Candidatos como Renan Santos (Missão) e Romeu Zema (Novo) não terão acesso a essa divisão. O partido Missão, por ser recém-criado, e o Novo, por não ter cumprido a cláusula de barreira em 2022, ficam fora da propaganda eleitoral gratuita, mesmo apresentando pontuações relevantes nas pesquisas.

Três cenários foram apresentados para ilustrar as variações na divisão do horário eleitoral, dependendo das alianças. No cenário atual, Flávio Bolsonaro, se disputar de forma isolada, terá um tempo expressivo, já que o PL possui a maior bancada de deputados eleitos em 2022.

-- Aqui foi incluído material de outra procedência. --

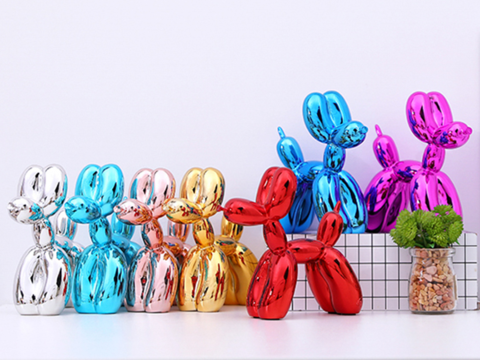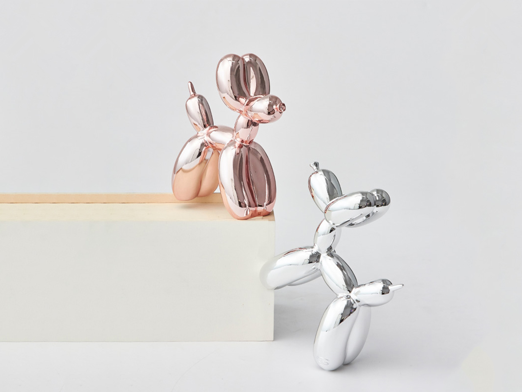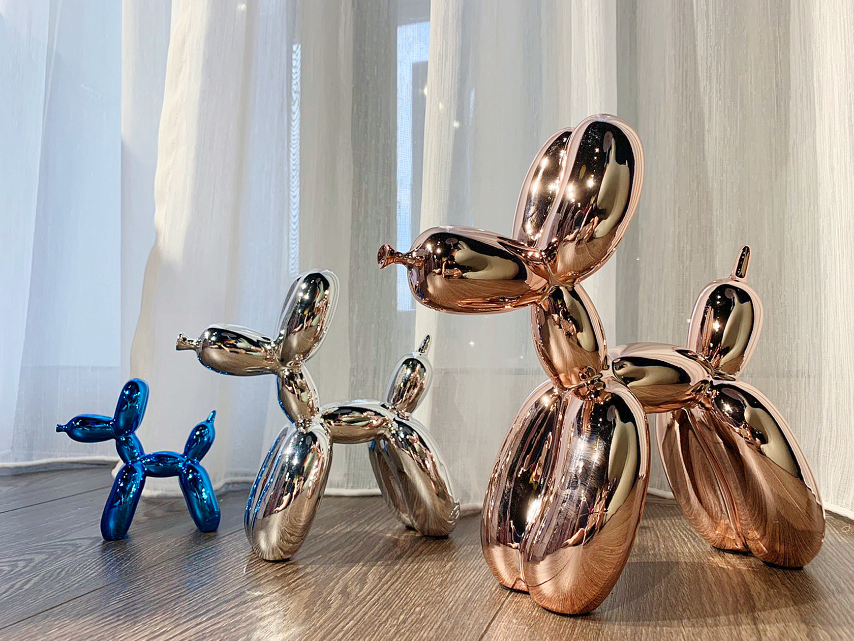 此款所售的氣球狗所選用的主材料為樹脂,表面為電鍍工藝。其視覺效果與風如圖原作一般。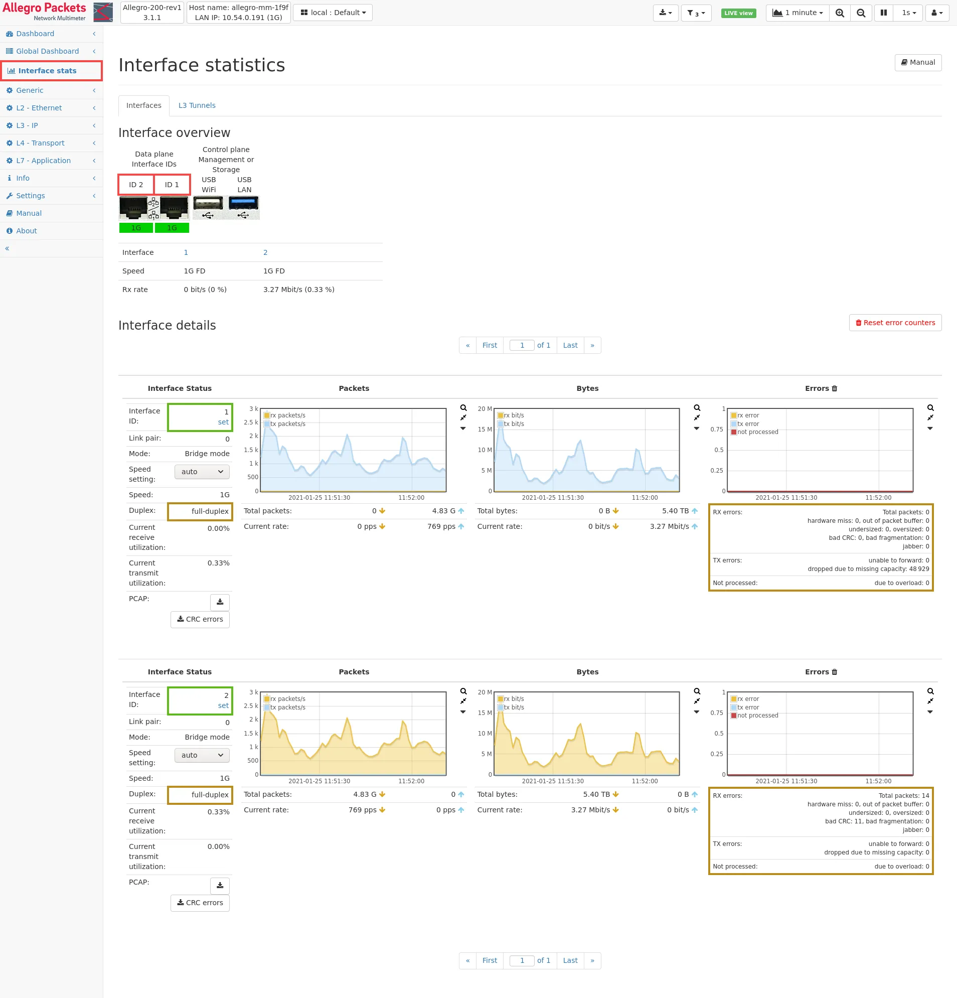 - In case the Allegro Network Multimeter operates in bridge mode and two mutual interfaces do not have the same link speed and duplex, a warning will be shown below the Duplex status for both interfaces.

Os blocos do horário eleitoral têm cerca de 12 minutos e meio, excluindo as inserções durante a programação. Se Flávio Bolsonaro firmar uma aliança com o Podemos, seu tempo aumentaria, afetando proporcionalmente o espaço de Lula. O cenário mais impactante seria uma aliança entre PL e Republicanos, embora analistas acreditem que essa hipótese é pouco provável. Nesse caso, Flávio Bolsonaro teria aproximadamente 40% do tempo total, enquanto Lula cairia para a segunda posição.

Para Ronaldo Caiado e Augusto Cury, as mudanças seriam mínimas em qualquer cenário apresentado.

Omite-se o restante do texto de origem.